= List of World Heritage Sites in Rwanda =

The United Nations Educational, Scientific and Cultural Organization (UNESCO) World Heritage Sites are places of importance to cultural or natural heritage as described in the UNESCO World Heritage Convention, established in 1972. Cultural heritage consists of monuments (such as architectural works, monumental sculptures, or inscriptions), groups of buildings, and sites (including archaeological sites). Natural features (consisting of physical and biological formations), geological and physiographical formations (including habitats of threatened species of animals and plants), and natural sites which are important from the point of view of science, conservation, or natural beauty, are defined as natural heritage. Rwanda accepted the convention on 28 December 2000, making its sites eligible for inclusion on the list. There are two World Heritage Sites in Rwanda, both of them were listed in 2023. There are no sites on the country's tentative list.

==World Heritage Sites==
UNESCO lists sites under ten criteria; each entry must meet at least one of the criteria. Criteria i through vi are cultural, and vii through x are natural.

World Heritage Sites
| Site | Image | Location (province) | Year listed | UNESCO data | Description |
|---|---|---|---|---|---|
| Memorial sites of the Genocide: Nyamata, Murambi, Gisozi and Bisesero | Monument to the genocide with spears pointing up | Eastern, Kigali, Southern, Western | 2023 | 1586; vi (cultural) | The serial property comprises the sites commemorating the Rwandan genocide, where between April and July 1994 an estimated one million people, belonging to the Tutsi minority ethnic group, as well as some moderate Hutu and Twa, were killed by armed Hutu militias.
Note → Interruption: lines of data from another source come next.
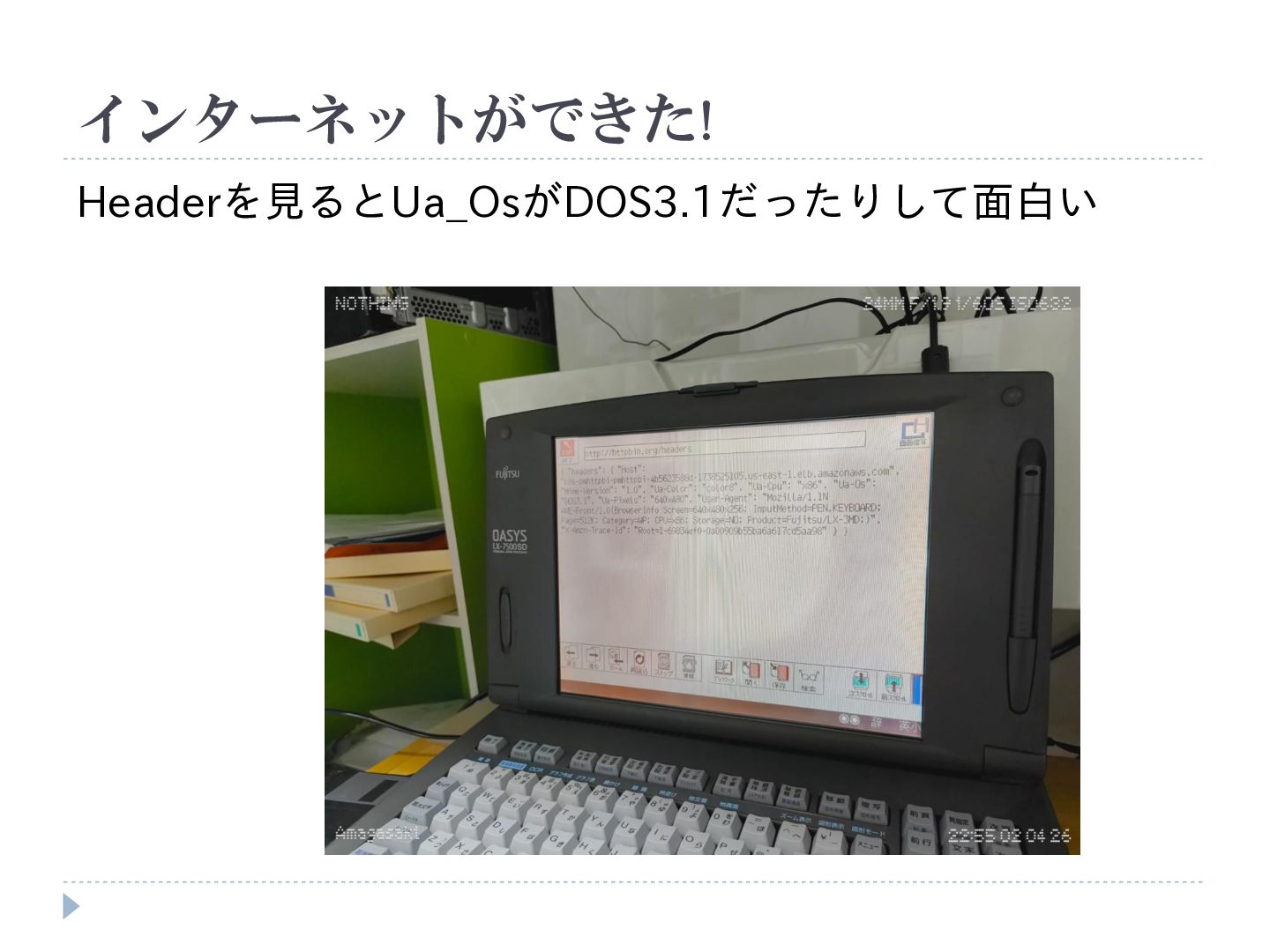 インターネットができた! Headerを見るとUa_OsがDOS3.1だったりして面白い
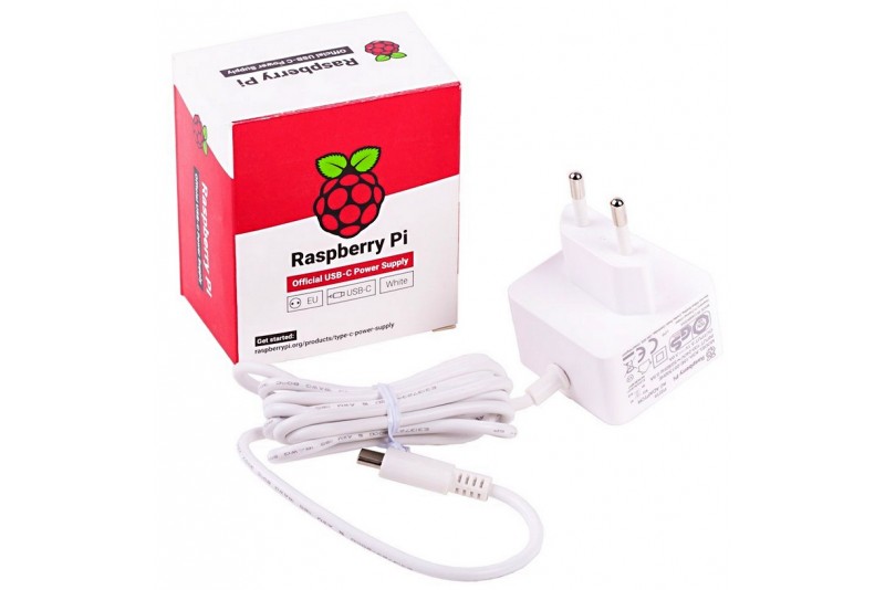Virallinen Raspberry Pi 4 virtalähde (5.1V 3A) USB-C liittimellä. Väri valkoinen.
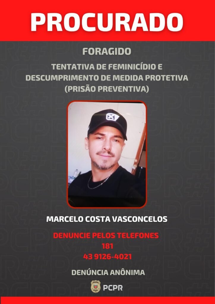 A Polícia Civil está em busca de um homem suspeito de envolvimento em uma grave tentativa de feminicídio registrada em Lupionópolis. A Justiça expediu um mandado de prisão preventiva contra o investigado, que permanece foragido.
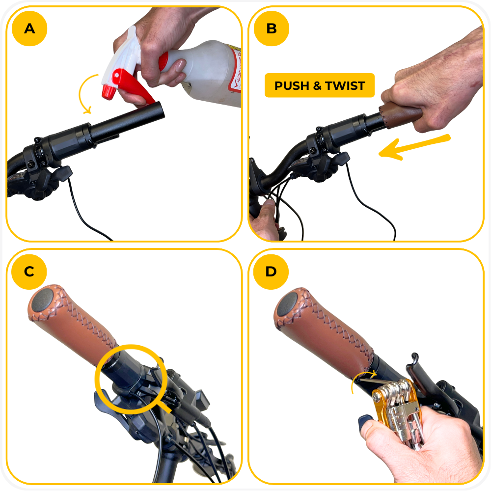 - Push and twist the grip back onto the handlebar until it’s fully seated and aligned.

These sites are the Bisesero Genocide Memorial Centre (monument pictured), Murambi Genocide Memorial Centre, Nyamata Genocide Memorial Centre, and the Kigali Genocide Memorial. |
| Nyungwe National Park | Tropical scenery with trees and mountains in the background | Southern, Western | 2023 | 1697; x (natural) | This site comprises three protected areas with rainforests, peat bogs, moorlands, and grasslands. The area is home to the eastern chimpanzee, golden monkey, and Hills' horseshoe bat. The park is also important for bird conservation. |

==Tentative list==
In addition to sites inscribed on the World Heritage List, member states can maintain a list of tentative sites that they may consider for nomination. Nominations for the World Heritage List are only accepted if the site was previously listed on the tentative list. Rwanda does not maintain any properties on its tentative list.